Task directions >>
The data below should be restated word for word, pictures omitted.

Dataset excerpt >>
= Beginning of Section =
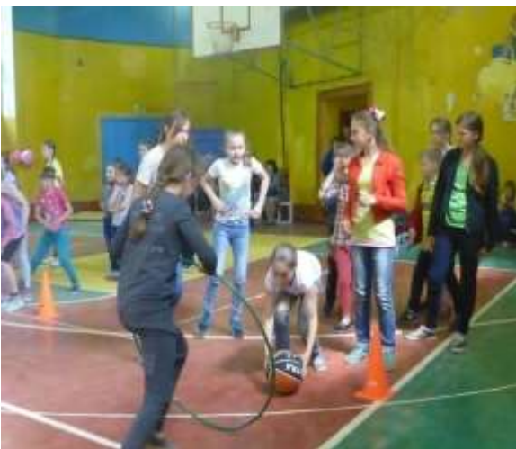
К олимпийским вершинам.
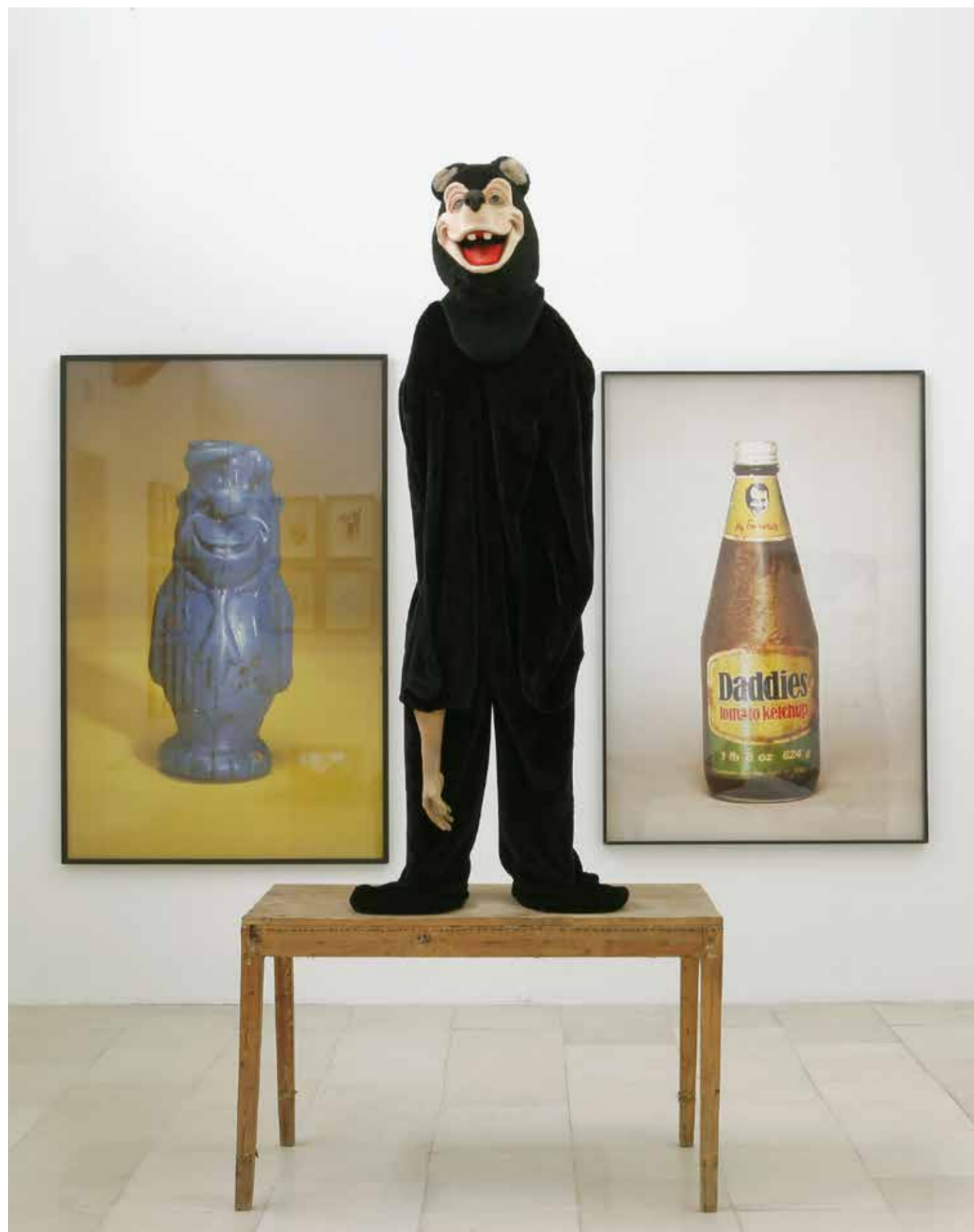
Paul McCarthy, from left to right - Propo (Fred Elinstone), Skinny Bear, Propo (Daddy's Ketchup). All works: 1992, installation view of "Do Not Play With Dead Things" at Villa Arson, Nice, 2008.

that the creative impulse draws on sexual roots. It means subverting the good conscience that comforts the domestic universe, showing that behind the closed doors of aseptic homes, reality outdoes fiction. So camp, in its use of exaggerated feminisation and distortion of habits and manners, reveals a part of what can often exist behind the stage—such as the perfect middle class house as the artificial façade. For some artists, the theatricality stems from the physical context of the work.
= End of Section =
Exercise response >>
К олимпийским вершинам.
Paul McCarthy, from left to right - Propo (Fred Elinstone), Skinny Bear, Propo (Daddy's Ketchup). All works: 1992, installation view of "Do Not Play With Dead Things" at Villa Arson, Nice, 2008.

that the creative impulse draws on sexual roots. It means subverting the good conscience that comforts the domestic universe, showing that behind the closed doors of aseptic homes, reality outdoes fiction. So camp, in its use of exaggerated feminisation and distortion of habits and manners, reveals a part of what can often exist behind the stage—such as the perfect middle class house as the artificial façade. For some artists, the theatricality stems from the physical context of the work.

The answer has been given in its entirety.